We all need distractions and here are two of mine… Richard Thompson’s private gig and Masterchef

God, we all need a post to lean on. Here are two of mine: a ‘private’ audience with Richard Thompson and plenty of fork into mouth action on MasterChef.

Thompson, that noted wearer of berets, is a spinner of great songs and a fretboard wizard who can make one guitar sound like two. He has been performing for more than 50 years – around 5,000 gigs, as he confided last night.

“Can’t remember any of them,” he quipped, his voice now confident but still running ahead of a childhood stammer.

All those gigs, and now he’s stuck at home in New Jersey with the latest woman in his life, the singer Zara Phillips (not the royal equestrian one).

Unable to travel anywhere, Thompson, 71 this week, made do with a lockdown gig streamed from his studio.

Lovely stuff to this long-time fan, just Thompson and his acoustic guitar, singing and strumming out the rhythm while laying flurries of notes on top, as he does. He is drily witty, his British humour undimmed by years in the US. At one point, Phillips came on to do the vacuuming, took his temperature and then joined in on vocals.

Thompson played songs old and new, including Down When The Drunkards Roll, one of two great drinking anthems by this now teetotal singer, God Loves A Drunk being the other.

On the Facebook feed fans scrolled out their gratitude and, remarkably, their grumbles. The moaners wanted to see his hands better so they could learn to play the songs properly.

“They’re not easy to play,” I told Thompson once during a phone interview.

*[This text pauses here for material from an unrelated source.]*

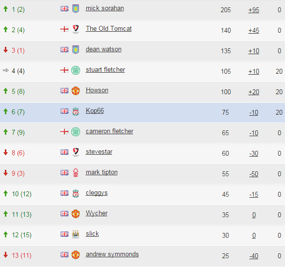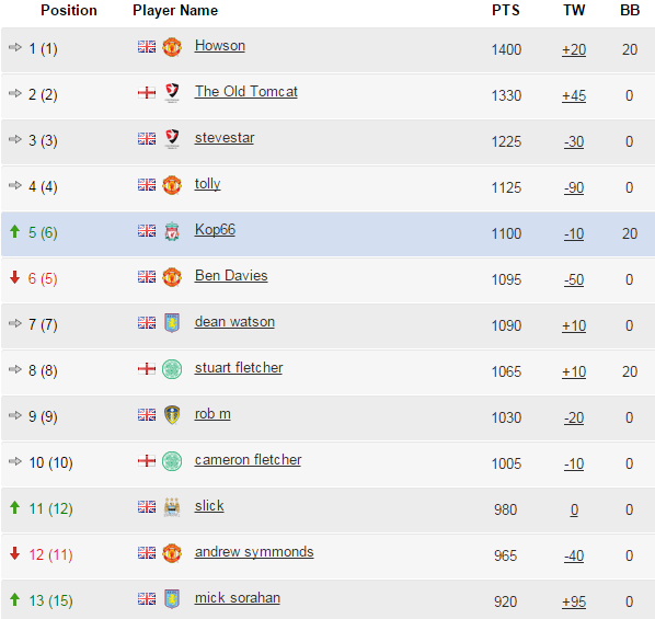 A reminder that the top 4 qualify for H2H semi finals. It's all still wide open and stuart fletcher, Howson and Kop66 in 4th, 5th and 6th are happy to be the only ones with their maximum Banker Bonus left intact.

“They’re not meant to be,” he said.

After last night, I have a better handle on Walking The Long Miles Home, so thanks, Richard. Oh, and he played that song now accidentally of the moment: Keep Your Distance.

MasterChef ­­is a guilty pleasure just when you need one. Never has this show been more welcome. These hopeful Hestons are on hand to cheer us up. And if you want to know what a scallop or a chocolate fondant look like, they’re eager to oblige.

It’s an odd addiction, I’ll agree. A programme about food you never taste, cooked by people you don’t know from Adam keeping six feet away in the supermarket.

The tasting is all down to that pair of professional mouths, John (‘Parsta’) Torode and Gregg (‘Sorse’) Wallace. Forks plunge into their mouths like JCBs going into muddy holes. We froze the programme on play-back the other day and one or other of them was there for ages with his gob stuck on open.

All very ridiculous, yet I love this show as much as Gregg with two gees loves his puddings. In case you don’t know, he’s the one who looks like a permanently surprised tortoise.

I even love the voice-over drawl at the start, all that doomy excess of second-rate Hollywood blockbusters – “MasterChef is back!” It is my sworn duty to repeat that phrase every time we sit down to watch. A habit warmly welcomed by everyone else (all two of them).

Anyway, it’s knockout week and we will be watching tonight, happily distracted for an hour.